I bumped into a nice analogy the other day. Creative work takes lots of energy. So does grieving. The way back is like nurturing a plant, with time and sun and water. Finally, after all that, new shoots appear.

I think this is true. My mother, a gardener, would have heavily endorsed the idea. And me? I never earned my “Curved Bar Rank” in Girl Scouts because I refused to water a plot of grass. Hopefully, I’ve learned something.

It’s the mundane I miss

   With Father’s Day coming up Sunday, I’ve braced myself for the usual picture-perfect ads featuring the man of the house.  Firing up the grill with lots of new equipment.  Sporting a new golf shirt.  Brandishing a new power saw.

  With our man of the house gone just over a month, I expected to wince at the commercial reminders of what I’d be missing. But I haven’t.  I miss him, all right.  But what I miss has nothing to do with grilling, golfing or grout.   

  Instead, it’s the mundane, running banter.  It’s “Don’t forget to take out the recycling.”   And “Can you believe a doctor’s office would actually send a bill for 37 cents?”  It’s “Do you think you could possibly remember to turn off your alarm clock?”  And “Guess how much they’re charging for regular down at the BP?”

  Oh, there were a few riveting conversations about the Middle East, an occasional gift that hit a homerun, and I miss those. But someone used to know just how I like my toast.  I miss that more.

Good grief. Those unexpected tears.

Vanilla Mint

There’s no question about it. Bob was not planning to die. From the unopened packages of shirts, socks and underwear, he was planning on another, oh, 50 years. He didn’t like to run out, and he was always prepared.

Once, I told him a girlfriend’s husband carried his glasses prescription with him when he traveled just in case his got broken. “That’s nothing,” Bob told me. “I take an extra pair.” And with that, he produced them in a brown leather case, together with a travel-size bottle of spray-on cleaner.

Cut down fully supplied, he left behind little piles of white plastic handle bags full of drugstore goodies and in the closet, nine unopened bottles of mouthwash. Vanilla Mint.

I never thought mouthwash would make me cry.

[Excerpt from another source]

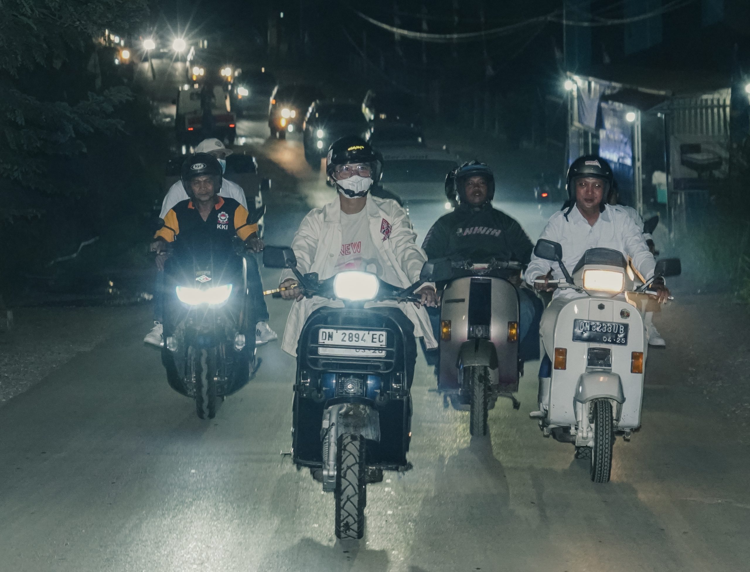 Dengan gaya yang sederhananya AKA sapaan akrabnya tiba di lokasi acara menggunakan sepeda motor Vespa.

An ordinary day, and then….

Whatever happened to the advertised Sunday afternoon blog? The dog ate it, in the form of a sad and sudden intrusion. My husband Bob died unexpectedly May 9 – so unexpectedly that I feel compelled to retell the story to all who will listen. My way of making the surreal seem more real.

Sudden deaths, I now know, blare in on ordinariness. They occur when we’re not looking, while we’re taking out to the trash or throwing the last load in the dryer. Bob’s was no different. He announced he was going out to run an errand. I offered to go instead. Off I went, while he apparently took up residency on the couch to watch golf on TV. There I found him, lifeless when I returned. The victim, his doctor concluded, of a heart arrhythmia.

Life feels out of balance here, in need of the healing that comes over time through grief. If ever there was a time NOT to overbook, it’s now. So in the spirit of the Dog Journal, I’ll be sharing what works for me – and doesn’t – in getting through this time. If my missteps along the way bring a smile, I’ll be sure share that too, because laughter, the first-cousin of tears, is bound to muscle in a time or two.